Digital & data protection

The digital & data protection team is renowned for its strong foundation in GDPR, which it expertly combines with unique insights into new data legislation such as the Artificial Intelligence Act, Data Act, Data Governance Act, Digital Services Act, eIDAS2, NIS2, etc.

The work of the digital & data protection team encompasses six main pillars:

• Data Projects: Supporting large-scale and innovative digitalisation and data-sharing projects, including advising on strategy, contracting, compliance, and drafting legislative texts involving new technologies. We also provide risk assessments and strategic support in drafting and negotiating complex IT contracts, focusing on cybersecurity legislation including NIS2.

• Artificial Intelligence: Providing guidance on various AI projects, offering strategic legal advice on the application of and classification under the Artificial Intelligence Act, conducting impact and risk assessments of AI tools, assisting with AI compliance and governance, and drafting contracts.

• Litigation and Incident Response: Representing clients in privacy and data protection litigation before ordinary courts and tribunals, the Belgian Data Protection Authority following complaints in data protection matters, and in cases of cyber incidents and data breaches. Our team also handles cases before the Constitutional Court and Conseil d’Etat regarding data protection safeguards in legislation.

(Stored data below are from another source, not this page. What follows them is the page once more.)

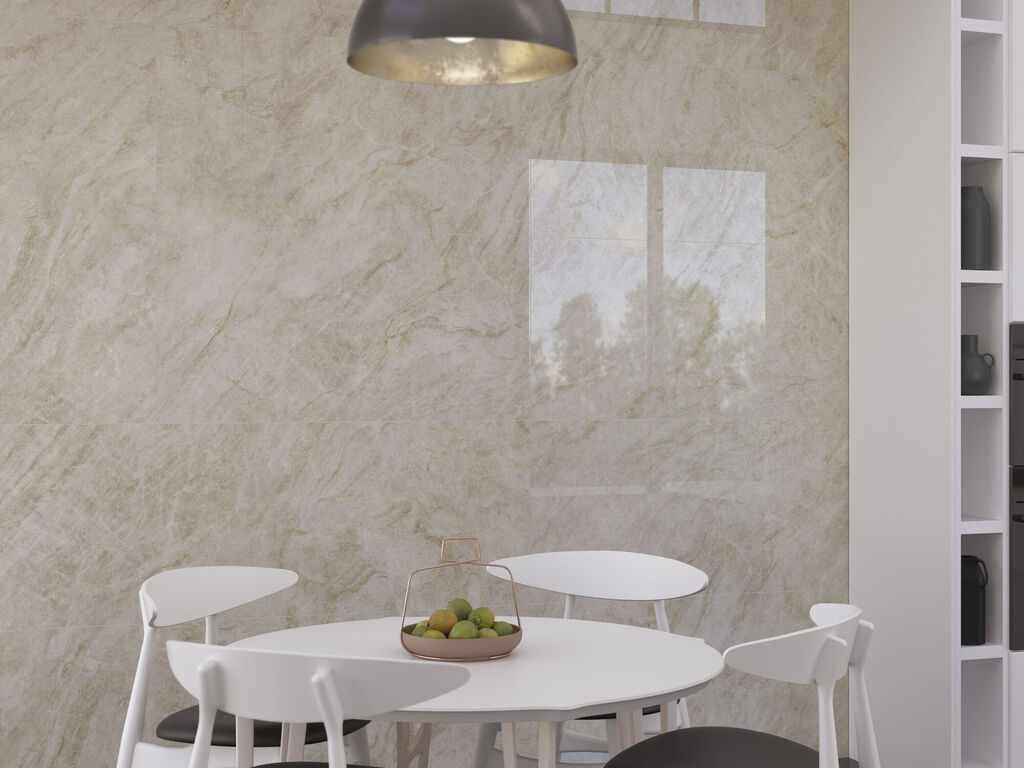 הגימור Pulido (מבריק) מדגיש את תנועת הוורידים ומעצים את החזר האור, מה שמעניק לחלל תחושת מרחב, ניקיון ויוקרה.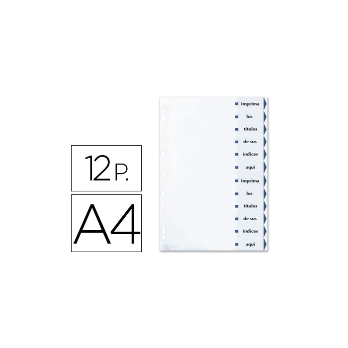 Avery Índices Separadores 12 Pestañas Personalizadas Index Maker Sin Agujeros 222x297 mm Blanco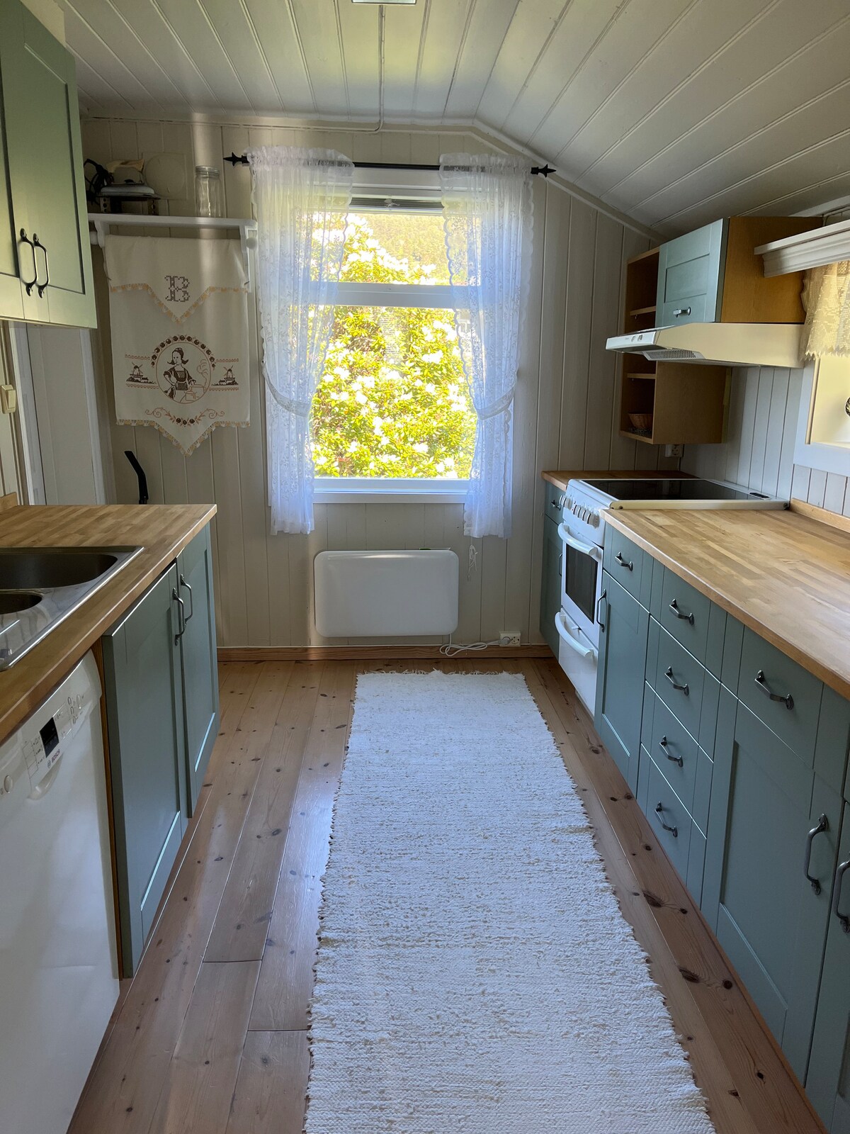 Cozy cabin by the Hardangerfjord. Here is a 180-degree panoramic view that gives a very special contact with the fjord and the mountains. By the cabin wall to the east, you can enjoy a quiet morning. In the evening you relax on the terrace to the west. On windy gray weather days, you can be fascinate by the waves right outside the living room window. The cabin has a 60s interior with its own warm atmosphere and character and are suitable for a family, a couple or friends.
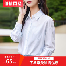 港风气质V领长袖白色衬衫女2025新款早秋款气质通勤衬衣短款上衣
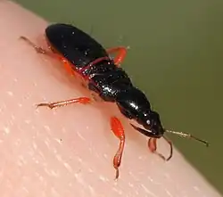 Die Wanzen werden 7,5 bis 10,0 Millimeter lang.[1] Der Halsschild ist schwarz gefärbt und trägt häufig einen blauen bis grünlichen metallischen Schimmer. Die Hemielytren und die Beine sind rot. Die Schenkel (Femora) der vorderen Beine sind kurz und dick. Die Stinkdrüsen liegen am Rücken des Hinterleibs. Es treten sowohl lang-, als auch kurzflügelige Individuen auf.[2]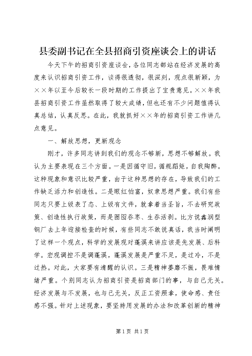 县委副书记在全县招商引资座谈会上的讲话 (9)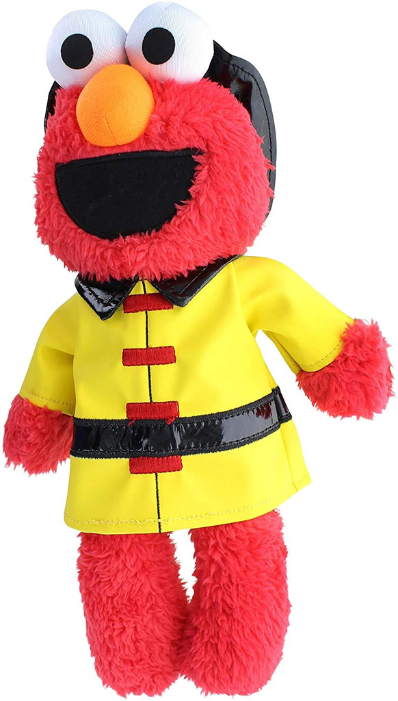 - Our 13-inch Take-Along Buddy style Elmo is dressed up as a firefighter in his shiny black and yellow coat and matching hat on top.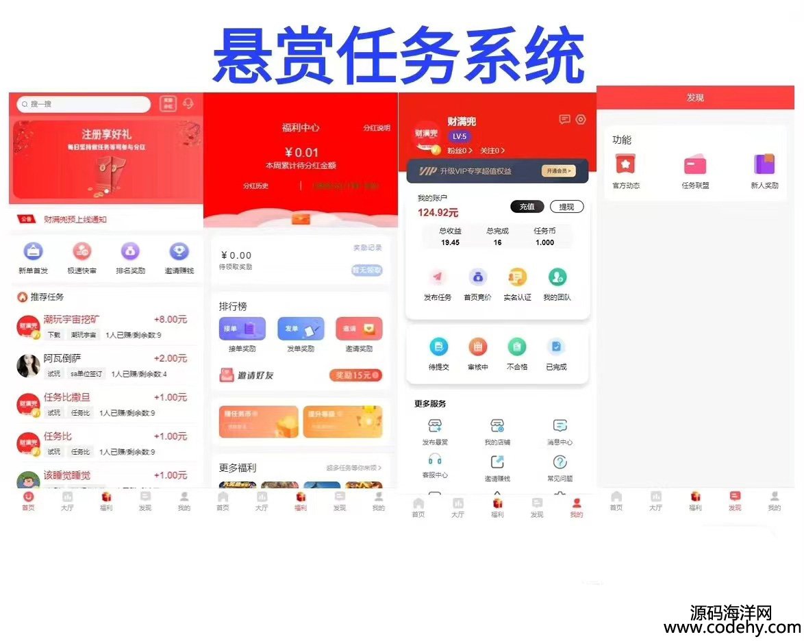 全新精美UI+用戶分紅+游戲試玩+任務聯盟+在線聊天+首頁競價+任務付費置頂+任務付費刷新+任務付費刷新+提現手續費+會員提現手續費+發布任務手續費+會員發布任務手續費+會員任務加成..等各種功能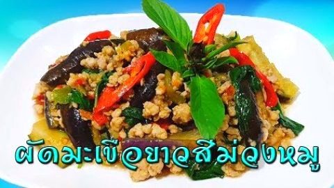 ผัดมะเขือยาวสีม่วงหมูสับ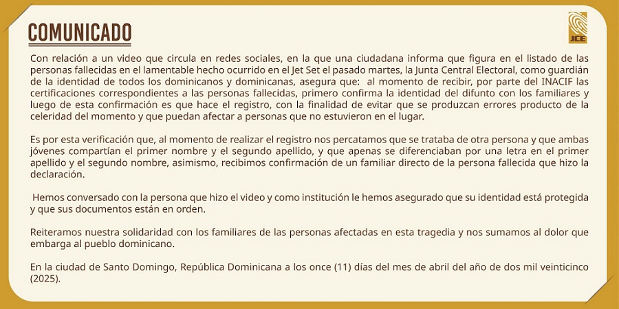 En un comunicado de prensa, la JCE dijo que “es por esta verificación que, al momento de realizar el registro nos percatamos que se trataba de otra persona y que ambas jóvenes compartían el primer nombre y el segundo apellido, y que apenas se diferenciaban por una letra en el primer apellido y el segundo nombre, asimismo, recibimos confirmación de un familiar directo de la persona fallecida que hizo la declaración”.
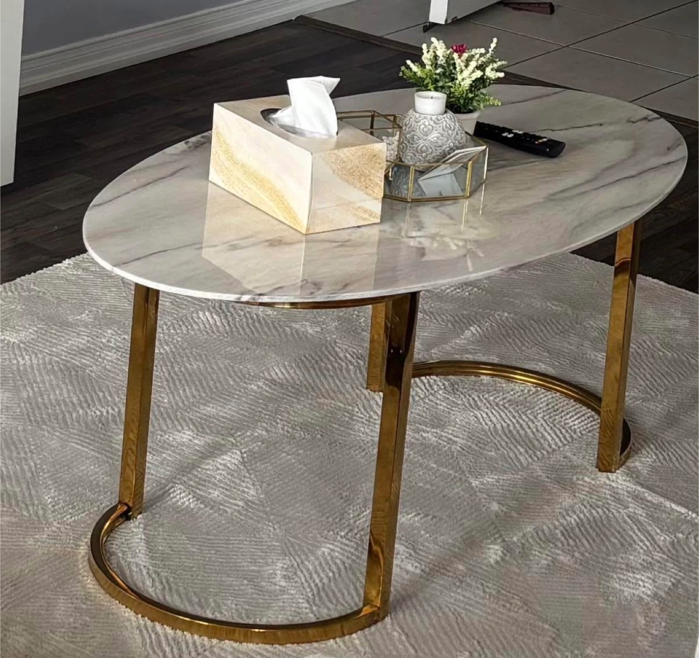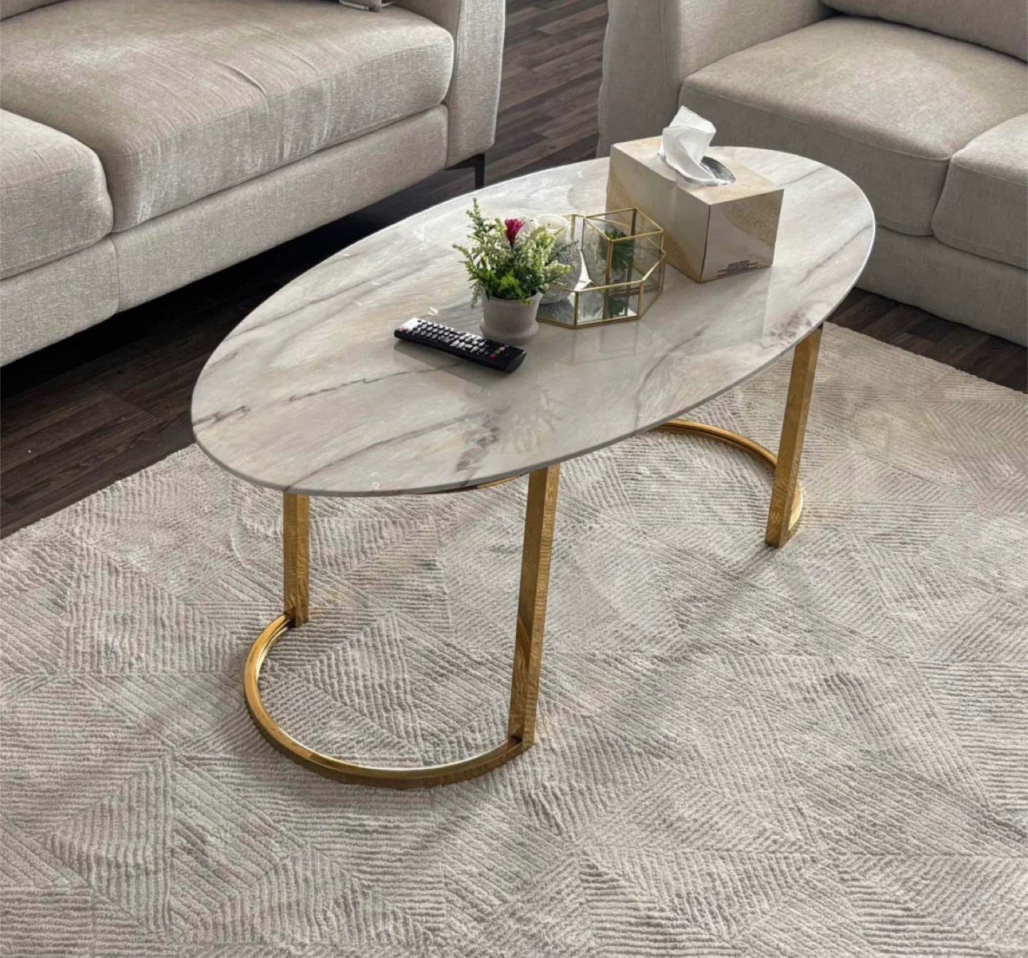 0Very elegant coffee table Need to be gone ASAP Selling a stylish oval coffee table 120*60 that would look great in any living room! It features a beautiful marble top and sleek gold legs. The table is in excellent condition and adds a touch of elegance to your space.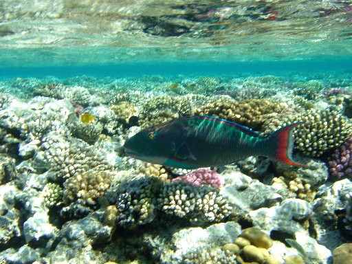 Все рыбы-попугаи очень красивые!!! Совершенно не боятся людей! Кормить хлебом их даже опасно, могут за пальцы покусать, так кидаются за едой! Размер начинается от 30 см. Есть на глубине просто гигантские!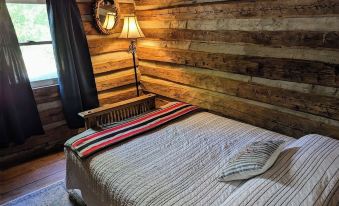 This authentic fully furnished cabin includes a full kitchen, full bath, living area and bedroom with adjoining space that includes a futon. The bedroom features a queen size bed and the futon folds out to a full size bed. All living spaces are on the main level. Linens are provided.

We assist clients in managing incident response and offer strategic advice in the event of data breaches, particularly ransomware attacks, including providing support with incident management and notifications to supervisory authorities and data subjects.

• Strategic Advice: Advising on complex data protection matters, including international data transfers, health data, the interplay between GDPR and other legislation in such areas as ePrivacy, direct marketing, camera legislation, eSignatures, eArchiving, and the use of social security numbers, often within highly regulated contexts and sectors.

• Audits and Internal Investigations: Conducting 360° risk assessments, audits, and internal investigations in digital transformation and data projects involving new technologies.

• Drafting: Offering compliance services for numerous Belgian and multinational companies across various sectors. This includes establishing policy frameworks such as privacy and cookie policies, retention policies, data breach notification policies, record of processing activities, data subject request policies, data processing agreements, data protection impact assessments, data transfer impact assessments, and more.